Segment Start: Records supplied
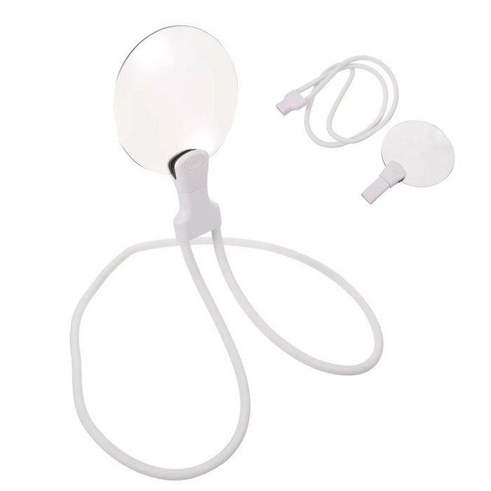 Lupa de Pescoço Apoio Mesa Aumento 5x Haste Flexivel Idoso Leitura Trabalho Vista Cansada Visualizaç Branco
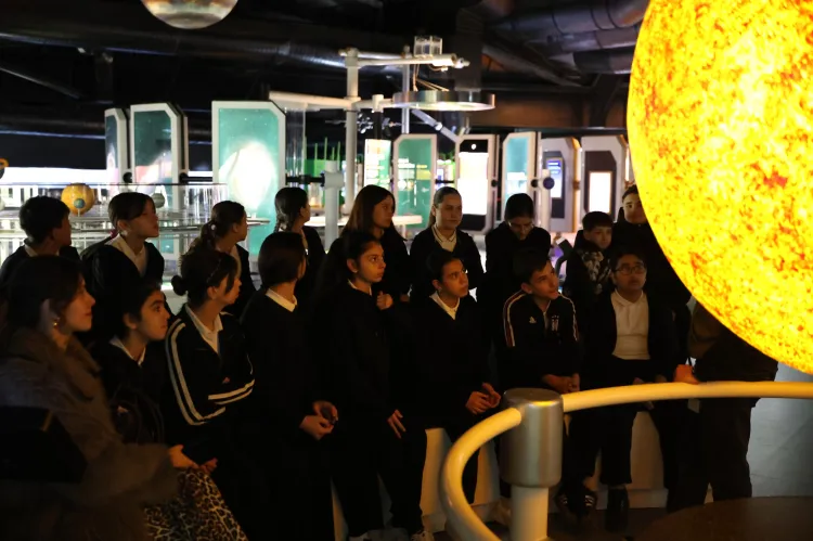 BURSA (İGFA) - Rehberler eşliğinde gerçekleştirilen gezi kapsamında öğrenciler, GUHEM bünyesinde yer alan uzay, havacılık ve bilim temalı sergi alanlarını gezerek bilgiler edindi.
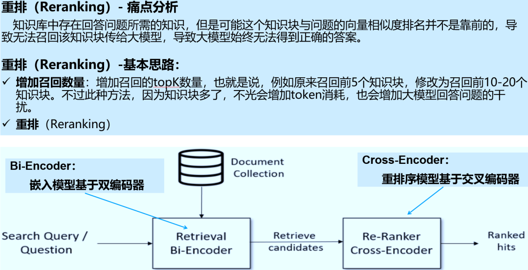 | 4. 错过排名靠前的文档 (Missed Top Ranked) | 知识块存在但向量相似度排名靠后,导致无法召回。 | 1. 增加召回数量:提高 TopK 召回阈值(如从 3 增加到 5)。 2. 重排 (Reranking):利用 Reranker 重新评估候选块的相关性。 |
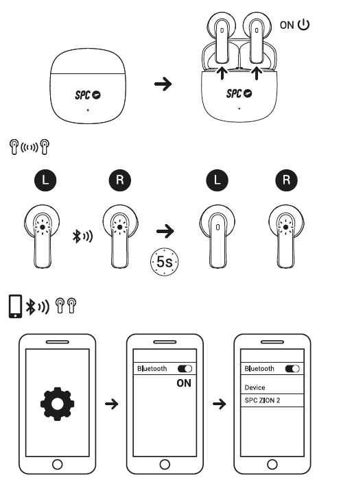 Para realizar una primera conexión al SPC ZION 2 vía Bluetooth, tendrás que activar la conexión Bluetooth en tu dispositivo. Una vez activada dicha conexión, tendrás que buscar tus ZION 2 en el listado de dispositivos Bluetooth detectados. Una vez seleccionado, los auriculares emitirán un sonido de conexión establecida.
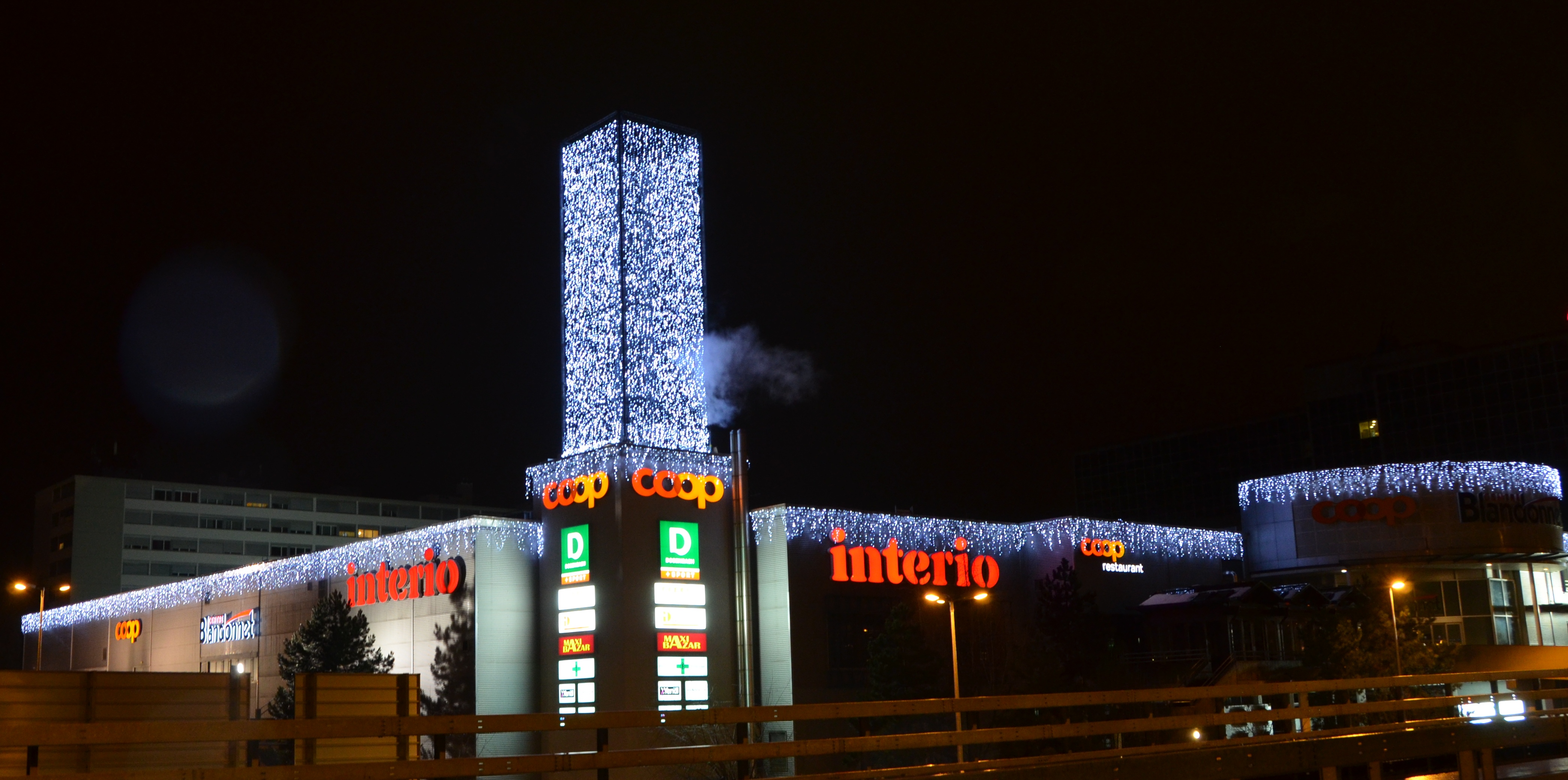 Der Werbeturm wurde mit LED Lichterketten reinweiss eingekleidet.
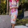 Celebre a elegância primaveril com este vestido midi floral, uma peça vibrante e feminina ideal para ocasiões especiais durante os dias mais luminosos. O corte justo valoriza a silhueta, enquanto os detalhes únicos nos ombros acrescentam um toque de sofisticação e originalidade.
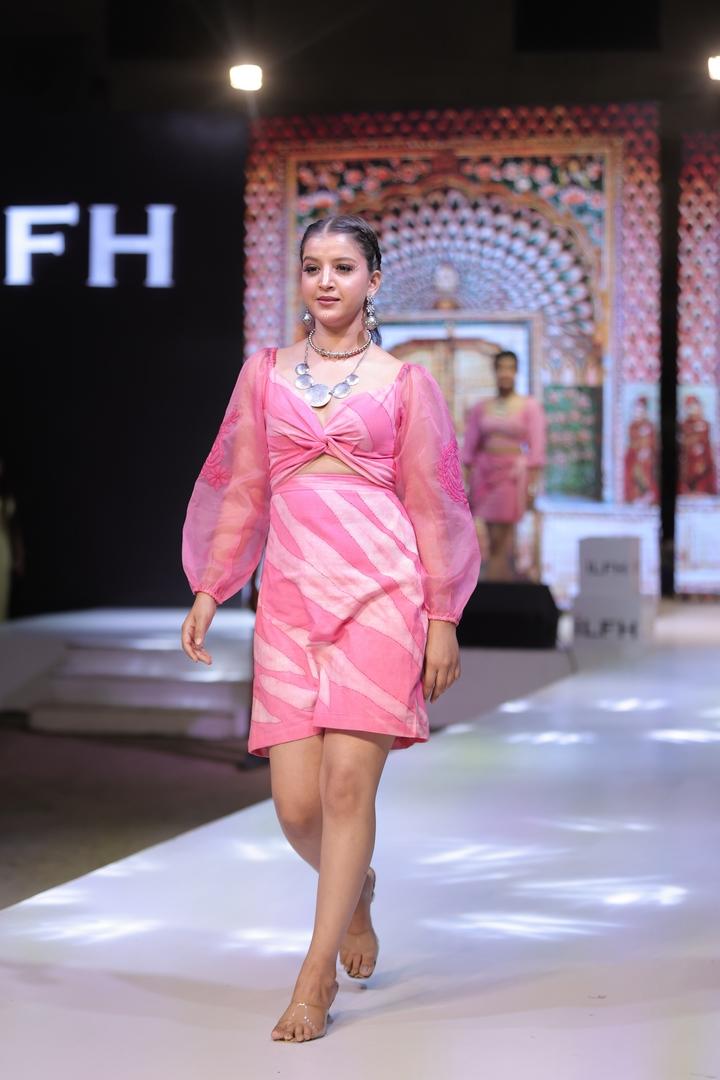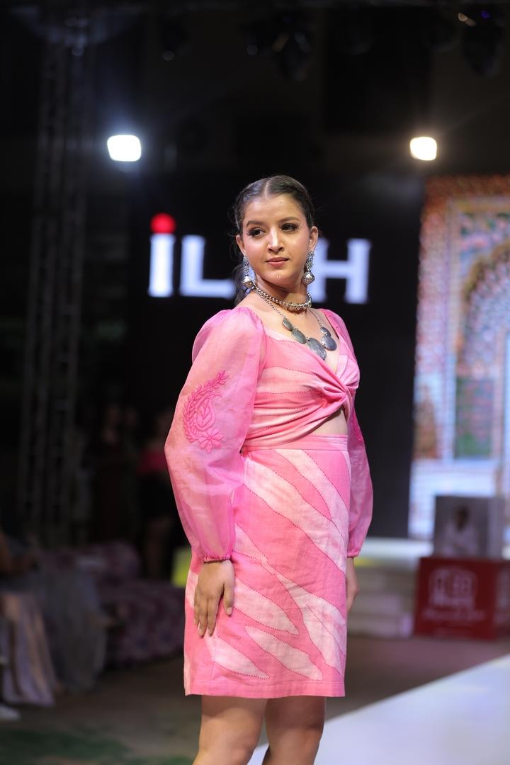 Skirt Design: High-waisted, knee-length skirt showcasing a unique Batik dye pattern in pink and white.
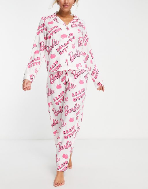 ASOS DESIGN Barbie x Hello Kitty Pyjama en modal avec chemise et pantalon Rose et blanc Very well made.
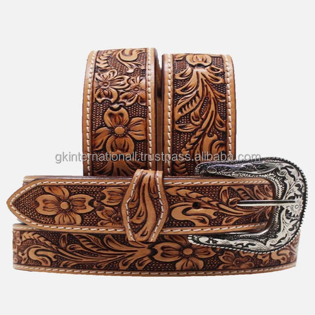 Ceinture en cuir western personnalisée, fleurs gravées à la main, ceinture de cowboy en cuir de haute qualité, gravée et peinte
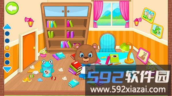 2.游戏室清洁任务:擦亮玻璃窗,归位散落玩具,整理鞋柜摆放,收拾桌面杂物;
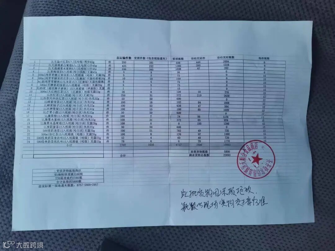 受损原因: 冻损、包装破损
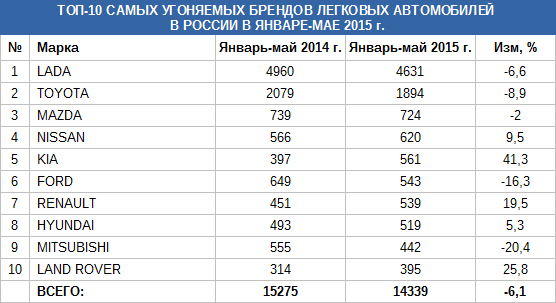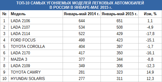 Всего в России за пять месяцев было угнано 14662 автомобилей. На долю отечественной марки ВАЗ пришлось 4631 угонов, второе место заняли японские автомобили Toyota, их украдено 1894 единиц, на третьем месте - Mazda (724 машины).
Segment End: Records supplied
Once you find the line containing "2.游戏室清洁任务:擦亮玻璃窗,归位散落玩具,整理鞋柜摆放,收拾桌面杂物;", retype it and every line after it through the last line of the records above, exactly. Add nothing else, and leave out the pictures.

 2.游戏室清洁任务:擦亮玻璃窗,归位散落玩具,整理鞋柜摆放,收拾桌面杂物;
 受损原因: 冻损、包装破损
 Всего в России за пять месяцев было угнано 14662 автомобилей. На долю отечественной марки ВАЗ пришлось 4631 угонов, второе место заняли японские автомобили Toyota, их украдено 1894 единиц, на третьем месте - Mazda (724 машины).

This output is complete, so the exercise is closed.